Dispatch

Government vows to pull Facebook advertising in latest battle with Big Tech over online news

Heritage Minister Pablo Rodriguez speaks to media in Ottawa on June 14, 2023. Sean Kilpatrick/The Canadian Press.

  • The Canadian government will suspend all advertising on Facebook and Instagram after the company blocked Canadian news sites from its platforms.
  • Rodriguez said the government has had productive conversations with Google and that the company’s concerns will be alleviated by the regulations that would come with the bill’s implementation.
  • Meta has long promised that it would block Canadian news from Facebook if Bill C-18 passed and acted swiftly last month once the legislation made it through the Canadian Parliament.

The Canadian government will suspend all advertising on Facebook and Instagram, Heritage Minister Pablo Rodriguez announced on Tuesday.

This decision was made in response to what he called Meta’s “unreasonable” and “irresponsible” choice of pulling Canadian news from its platforms in the wake of the government’s recently passed online news legislation, he said.

Rodriguez did say, however, that the government has had productive conversations with Google, which has also vowed to block Canadian news when the bill comes into effect in six months. Rodriguez claimed that the company’s concerns will be alleviated by the regulations that would come with the bill’s implementation.

“We’re calling on both platforms to stay at the table, work through the regulatory process with us, and contribute their fair share and keep news on their platforms,” said Rodriguez.

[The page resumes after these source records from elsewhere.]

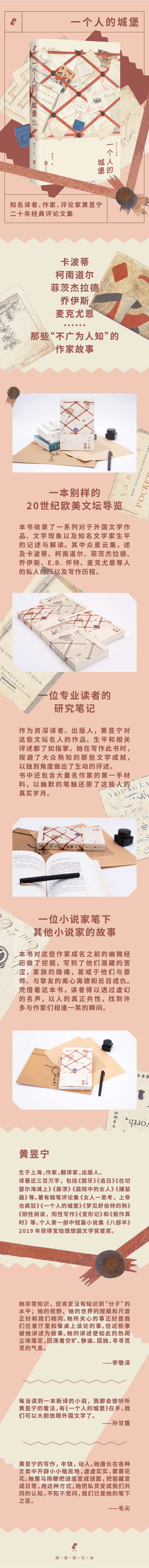 黄昱宁,生于上海,作家,翻译家,出版人。译著近三百万字,包括《甜牙》《追日》《在切瑟尔海滩上》《崩溃》《庭院中的女人》《捕鼠器》等。著有随笔评论集《女人一思考,上帝也疯狂》《一个人的城堡》《梦见舒伯特的狗》《阴性阅读,阳性写作》《变形记》和《假作真时》等。个人第一部中短篇小说集《八部半》2019年获得宝珀理想国文学奖首奖。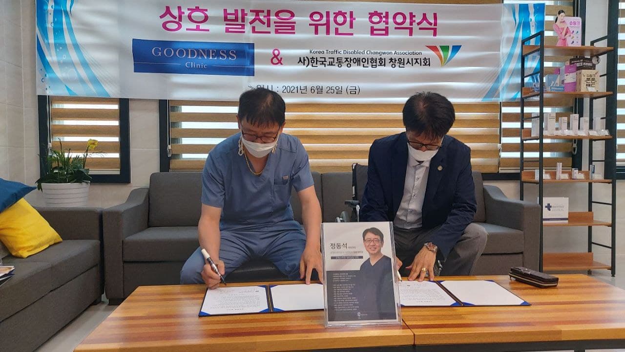 [시사우리신문](사)한국교통장애인협회 창원시지회 (회장 홍민식)와 굿네스 의원(원장 정동석)은 지난 6월25일 굿네스의원 본점에서 지난 6월 25일 오후 굿네스의원 본점에서 상호 우호증진과 사회공헌 활동의 나눔 봉사이념에 함께하고 지역사회 의 신뢰를 바탕으로 상호발전을 위한 협약서를 체결했다.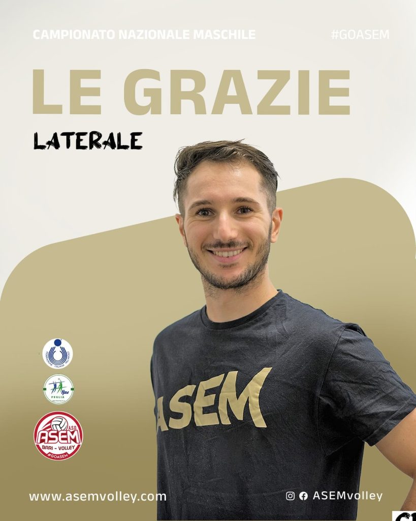 erie D maschile Francesco Le Grazie – Laterale CONFERMAAnche quest’anno Francesco Le Grazie indosserà la maglia ASEM!Siamo felici di poter contare sulla sua dedizione e sul suo spirito di squadra per affrontare le sfide di questo campionato “Servirà tanto duro lavoro, grandi sacrifici, fuori e dentro il campo, ed una squadra più unita che mai per affrontare questo nuovo anno, ma sono certo che con il gruppo che si è…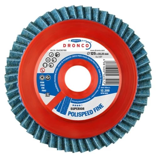 Cette meule de polissage avec rabats verticaux en polaire de polissage est très efficace sur support en plastique renforcé. Le non-tissé flexible s’adapte parfaitement à la pièce. De plus, il peut être utilisé aussi bien sur son bord pour les coins et angles ou bords arrondis que sur sa face. Cet outil permet également le nettoyage, lissage et polissage des cordons de soudure dans les coins, les bords et les soudures d’angle ainsi que l’élimination de la décoloration thermique, des couches d’oxyde ou de fines couches de vernis sur les métaux.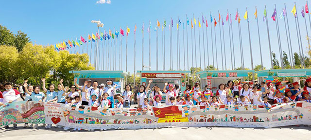 接龙现场,来自北京、青岛、深圳、大连、重庆、西安、赣州、宁波等162个城市、1400多家幼儿园的万米彩绘长卷在北京“群龙聚首”,数万条“画龙”迎着阳光盘旋腾飞,展现了中华民族的自信和自豪,热烈庆祝中国共产党百年华诞,祝福伟大祖国繁荣昌盛!

Meta has long promised that it would block Canadian news from Facebook if Bill C-18 passed and acted swiftly last month once the legislation made it through the Canadian Parliament.

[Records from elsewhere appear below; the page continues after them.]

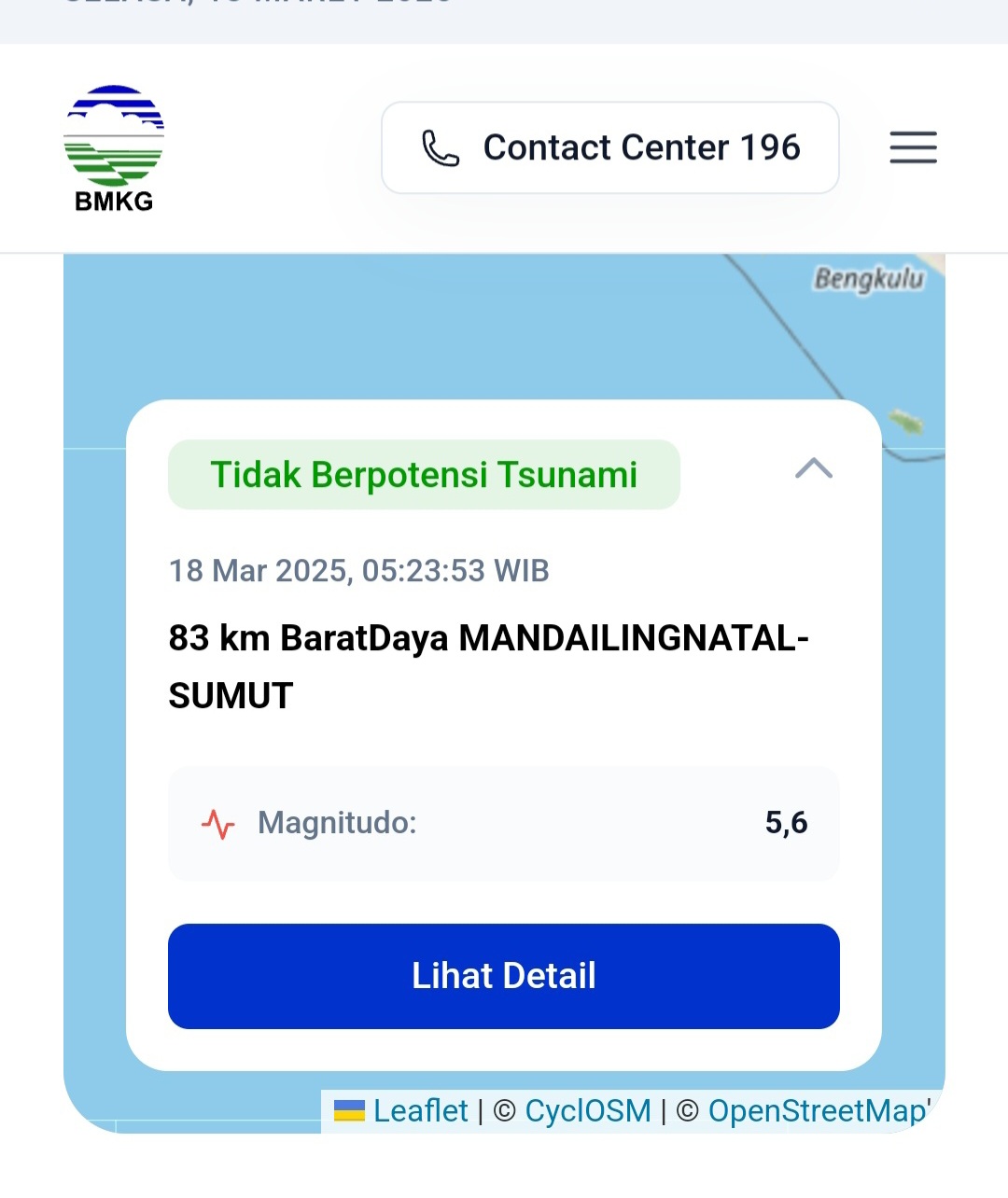 PADANGSIDIMPUAN-Kabupaten Mandailing Natal (Madina), Sumatera Utara diguncang gempa berkekuatan 5,6 Magnitudo,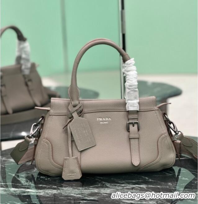 New Design Prada Large leather tote bag 1BG604 Grey 2026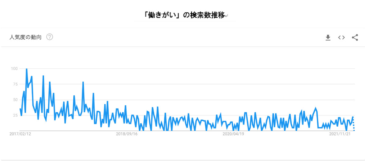 この潮流が素晴らしい点は後ほど述べていこうと思いますが、大きな社会視点で考えると社会全体において「働きがい」に対する意識が低下していることに対する打ち手になるかもしれないという点です。実際に検索数でみてみても、ここ5年間で「働きがい」というワード自体への関心が著しく低下していることが見て取れます。

In an exclusive interview with The Hub in April, Kevin Chan, the global policy campaign strategies director at Meta, said the legislation imposed a potentially unlimited liability on Meta, by charging the company for links to news stories posted by users on the platform.

“You’re basically putting a toll booth in front of every link for a news article,” said Chan. “And so if we’re up against a rock and a hard place then we’re going to have to get out of the market.”

Rodriguez argued that because Meta and Google are soaking up 80 percent of all online advertising revenue in Canada in 2022, some of it should be shared with Canadian news outlets that are suffering shortfalls.

Joining Rodriguez in the joint-press conference were MPs from the Bloc Quebecois and the NDP, representing, as Rodriguez put it, “two-thirds of all the MPs in the house to stand up for a free, independent, nonpartisan, fact-based and thriving press.” 

“The reality is the web giants need to respect Canadian law, they need to respect Canadian democracy, and that is the profound message that we are sending today to Meta and Google,” said NDP MP Peter Julian.

Bloc Quebecois MP Martin Champoux brushed off criticism regarding the public reception of the Online News Act arguing that “two-thirds of MPs and two-thirds of senators voted in favour of the bill.”

It was “the right thing to do and it’s what Canadians want,” he said.